Did the Union let the Border states keep slaves? If so, why did they not fight them like the Confederacy?

by NerdyWriter
shemanese

From the United States perspective, the policy was that secession was illegal. Slavery was a legal institution and the United States did not intend to interfere in areas where slavery was legal, but only intended to restrict any further growth of slavery to new parts of the United States. The United States was very specific about a policy of respecting "personal property rights" [read: slavery] of the citizens of the various loyal states.

The Cotton states and later some of the border states, seceded from the United States because they felt the United States was hostile to slavery. There was a great deal of rhetoric about the Republican party of that time being an abolitionist party intent on freeing all the slaves. They couched the secession as protecting the rights of the people against an intrusive federal government.

So, essentially, the seceding states were fighting to protect slavery and the United States was fighting against secession for the first couple years of the war. Which lead to some very interesting developments and oddities. Consider that Ben Butler was in command of the Maryland area in April 1861. He acted ruthlessly in terms of arresting people suspected of harboring secessionist tendencies and used force to open and maintain the communications lines to Washington DC. He went on record telling the Governor of Maryland that he put policies in place to return any escaped slaves and that he would use overwhelming force to put down any servile insurrection. He did very well in this, to the point that he was the one of the first soldiers promoted to Major General in the United States volunteer army. (As opposed to the standing regular army, the volunteer army was the massive army assembled from state militias for the purpose of putting down the rebellion). Maj General Butler was then assigned to Fort Monroe Virginia, which was a fort that had been held by too large of a force for the CSA to seize. In Virginia, Butler had absolutely no compunction in encouraging enslaved people to escape to freedom and he came up with the official policy of treating escaped slaves as "contraband of war". If the Federal army could seize property used by the CSA in its war efforts, then slaves could be seized as property. Butler had both positions - return escaped slaves in loyal states and slaves are contraband in rebelling states - within less than a month's timeframe and those positions were the official positions adopted by the United States government over the course of the war.

There were certainly a lot of problems at the local level. Brig General Charles Stone was in command of federal forces in central Maryland opposite Leesburg VA and that area. He had a formal policy that he inherited from Butler of returning escaped slaves to Maryland residents. His troops, however, were from Massachusetts and that was the hotbed of abolition and his troops spent a lot of time hiding escaped slaves no matter the location from which they escaped. Stone also was a soft-war general who tried to also respect the personal property rights of civilians, so he was more inclined to help return slaves to Virginia citizens not supporting the war. This soft-war position was one of the contributing factors that lead to Stone's imprisonment as the scapegoat for the loss at Buell's Bluff. By October of 1861, returning slaves to Virginian citizens was not sanctioned. It was common for someone to show up looking for escaped slaves from loyal border states, but return over the course of the war was less and less likely.

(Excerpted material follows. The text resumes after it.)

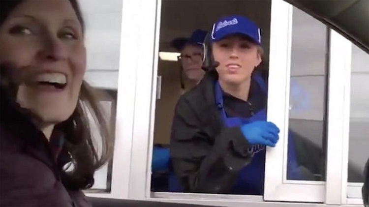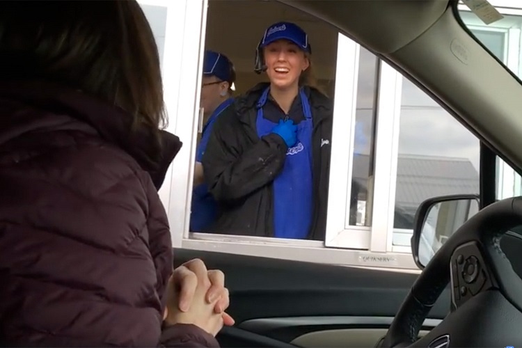 In a video making the rounds on social media, Michelle Floering, an educator at Grand Traverse Academy in Traverse City, Michigan, showed up at the drive-thru window where high school senior Kaitlyn Watson works. While restaurants have closed their dine-in areas, a lot are still offering drive-thru or takeout options.

The United States progressively took a harder and harder line on the legality of slavery over the course of the war, Even the most racist Union soldiers (of which there were many) were completely onboard with freeing the slaves to punish the south for the war after the first year of the war. The handwriting was on the wall for slavery as an institution when soldiers who would refer to slaves the same way they would refer to cattle supported abolition. Even Sherman, who was as racist as anyone in the 1860's, wrote his brother saying in effect that the south could have saved their slaves had they returned to the union peacefully, but by that point it was too late. The Emancipation Proclamation was aimed solely at disloyal regions not currently under United States control. It specifically excluded border states and the portions of southern states then under United States control (Louisiana, coastal SC, western and northern Virginia, Missouri). The United States was very aware that they had to maintain the loyalty of the border states while the war was in the balance. Once the end of the war was certain, that is when the dam broke for dealing with the institution of slavery as a whole.